In May 1946, O’Keeffe became the first woman artist to have a retrospective at the Museum of Modern Art. When Stieglitz died later that summer, O’Keeffe relocated to New Mexico, where she lived and worked for the rest of her life. There, she painted wildflowers, shells, skulls, and skies against the backdrop of boldly colourful New Mexico hills. At once breathtaking and meditative, O’Keeffe’s New Mexico paintings celebrate the mystical spirituality and sublime beauty of the vast landscape. She found that the rocks, the flowers, the mountains, and the wide open desert skies reflected the contemplative soul within her. So she took her brushes, and translated the sweeping American landscape into her own unmistakable language of art.
Although O’Keeffe’s identity is rooted in her contribution to American modernism, she never stopped exploring, travelling, and dislocating herself in order to expand her perspective and stimulate her creativity. Her intrepid spirit did not wane with age: she painted well into her nineties, and she embarked on an international world tour around Europe, Asia, and the Middle East in her seventies. Exhilarated by the cloudscapes seen from the airplane window of her first flight, she painted Sky Above Clouds IV (1965) when she was 77. Largest of all her visions, this work fulfilled her lifelong dream of creating a massive mural-size painting. With a blanket of white clouds stretching into an infinite horizon, Sky Above Clouds IV symbolises her own expanded view of the world, and echoes her lifelong commitment to capturing nature’s rapturous beauty and spiritual power.

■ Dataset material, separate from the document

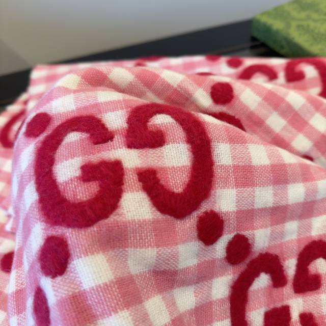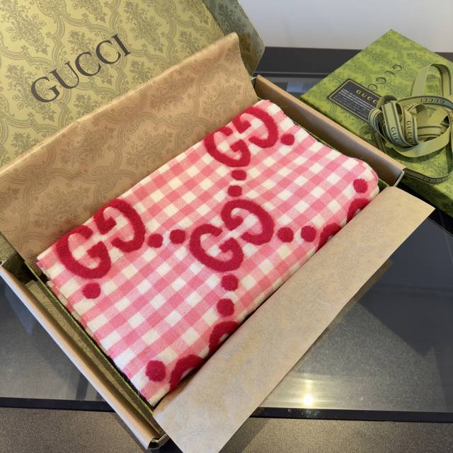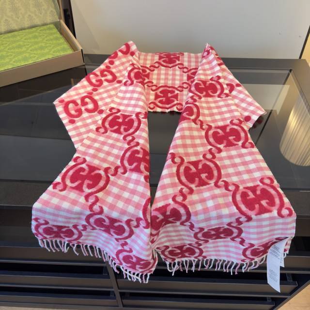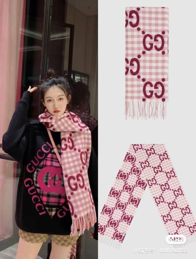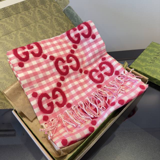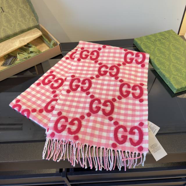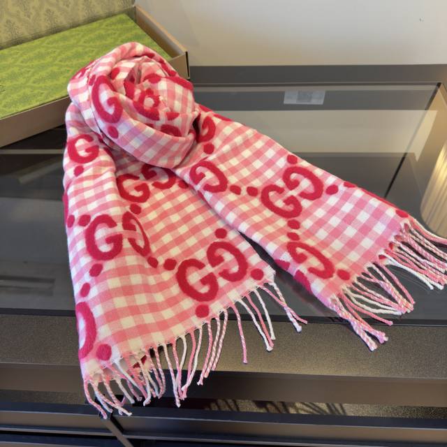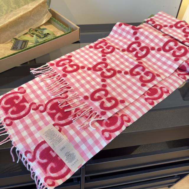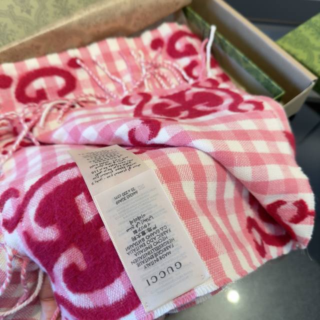 New color arrived! Gucci's new double G jacquard cashmere long scarf, full of girlish charm! Sisters who love plaid shouldn't miss it, a pure and wonderful item~ I really love the color scheme, it's eye-catching and unforgettable, I'm instantly hooked! Super beautiful!!! Top-quality version, buy with confidence!! Color, feel, details, everything is perfect! The fabric of this scarf is different from previous styles, it doesn't look like it's soft and sticky, but it's actually very soft and comfortable, not itchy at all! The size is also a bit longer than previous styles, making it more fashionable!! Size specifications: 35cm wide x 220cm long, 95% wool 5% nylon.

In her 70-year career, O’Keeffe inspired the world with her innovative mastery of light, colour, and form. She expressed her radical vision in every aspect of her life: extending her uncompromising independence and consistent aesthetic from her canvases to the way she fashioned every detail of her style, home, and way of life. She forged an exhilarating voyage to a world of openness and freedom. A brilliant colourist, daring modernist, and pioneer of individualism—Georgia O’Keeffe will always remain one of the most groundbreaking artists and women of all time.
‘I’ve always been absolutely terrified every single moment of my life, and I’ve never let it stop me from doing a single thing I wanted to do.’